District 29 general election
| Party |  | Candidate | Votes | % |
|---|---|---|---|---|
|  | Republican | Pam Galloway | 32,640 | 52.26 |
|  | Democratic | Russ Decker (incumbent) | 29,742 | 47.62 |
|  | Write-in |  | 70 | 0.11 |
| Total votes |  |  | 60,298 | 100.0 |

=== District 31 ===
Incumbent Democrat Kathleen Vinehout ran for re-election. She faced former Tomah mayor and 2002 Libertarian nominee for governor Ed Thompson. In September, Thompson was diagnosed with cancer, which hindered his ability to campaign.

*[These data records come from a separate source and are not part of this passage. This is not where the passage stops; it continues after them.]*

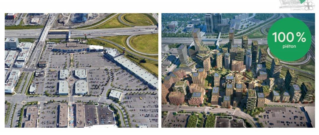 À terme, des tours résidentielles et un secteur 100% piéton remplaceront le Cineplex Odeon, les commerces bordant l’avenue des Lumières entre le boul. Leduc et la rue de la Lune, ainsi que les commerces longeant l’autoroute 30 dans cette zone du Quartier DIX30, tels que le Oasis Surf, le Dollarama et le Structube.
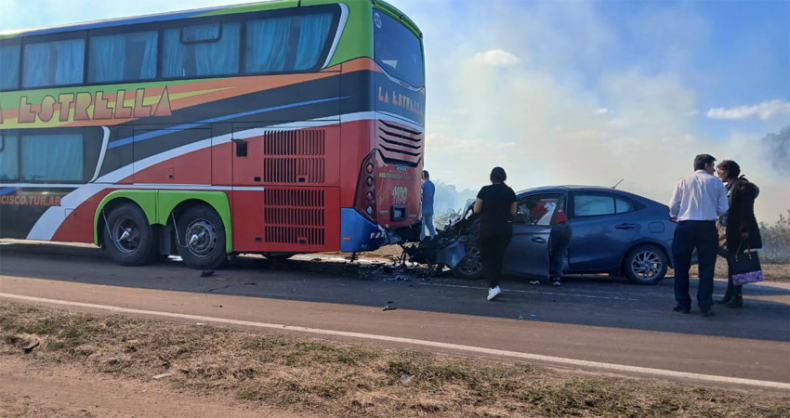 Una camioneta, un automóvil y un colectivo de línea colisionaron por causas hasta ahora desconocidas. Producto del impacto, el conductor del automóvil perdió la vida. En tanto, su único acompañante fue socorrido por los pasajeros del colectivo, quienes lo ayudaron a salir del vehículo.
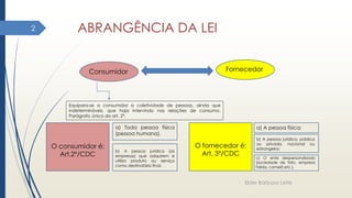 Este documento discute os conceitos fundamentais da Lei do Consumidor no Brasil. Resume que o consumidor é qualquer pessoa física ou jurídica que adquire produtos ou serviços, enquanto o fornecedor é quem produz, constrói ou distribui esses itens. Também destaca a obrigação dos fornecedores de fornecer informações verdadeiras e completas sobre os produtos e serviços oferecidos.

Throughout the campaign, some Republican strategists feared that Thompson's Libertarian views could frustrate the Republican goal of a senate majority, and that if he were elected, he could serve as a de facto majority leader in the state senate. The district was, however, seen as a long-shot for Republicans, and was rated by WisPolitics as "lean Democratic", with his eccentric political beliefs and familial ties to former governor Tommy Thompson providing a mixed image of his electability in the district.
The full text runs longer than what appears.